Fight for Your Lady is a 1937 American comedy film directed by Benjamin Stoloff and written by Ernest Pagano, Harry Segall and Harold Daniel Kusel. The film stars John Boles, Jack Oakie, Ida Lupino, Margot Grahame, Gordon Jones, Erik Rhodes, Billy Gilbert and Paul Guilfoyle. The film was released on November 5, 1937, by RKO Pictures.

Plot

"Honest" Ham Hamilton needs money. A wrestling promoter in London, he places a wager and tells his champion Mike Scanlon to lose on purpose, but Mike wins anyway to impress Marcia Trent, an actress who has bet on him to win.

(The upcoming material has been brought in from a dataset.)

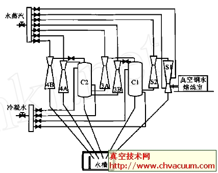 S1 —一級泵,S2 —二級泵,3A —三級泵A;3B —三級泵B ,4A —四級泵A ,4B —四級泵B ,C1 —冷凝器1 ,C2 —冷凝器

Hamilton ingratiates himself with Marcia and her betrothed, singer Robert Densmore, then sees Robert become suicidally depressed after Marcia leaves him for Mike. On a night In Budapest, a drunken Robert is persuaded by equally inebriated reporter Jim Trask make a play for a nightclub singer, Marietta, and incur the wrath of her jealous beau, Spadissimo. He will be challenged to a duel and that will grant Robert's wish to die.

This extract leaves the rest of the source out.